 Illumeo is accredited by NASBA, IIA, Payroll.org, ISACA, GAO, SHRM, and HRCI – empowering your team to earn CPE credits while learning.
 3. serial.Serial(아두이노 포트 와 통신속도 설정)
■ ■ ■ ■ ■ ■ ■
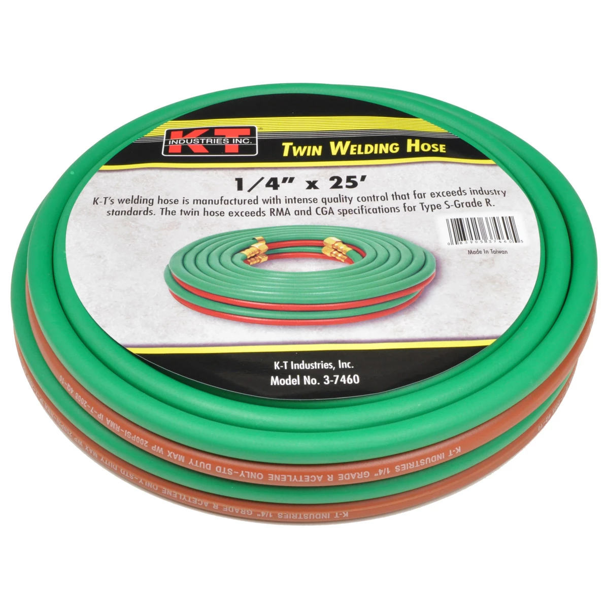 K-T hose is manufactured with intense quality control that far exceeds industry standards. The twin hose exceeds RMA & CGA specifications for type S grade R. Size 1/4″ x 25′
■ ■ ■ ■ ■ ■ ■
* **Exercise requirements**: Above are the records; copy exactly the lines from the line with "Illumeo is accredited" through the line with "3. serial.Serial(아두이노 포트 와 통신속도 설정)", both included.

* **Final answer**:
 Illumeo is accredited by NASBA, IIA, Payroll.org, ISACA, GAO, SHRM, and HRCI – empowering your team to earn CPE credits while learning.
 3. serial.Serial(아두이노 포트 와 통신속도 설정)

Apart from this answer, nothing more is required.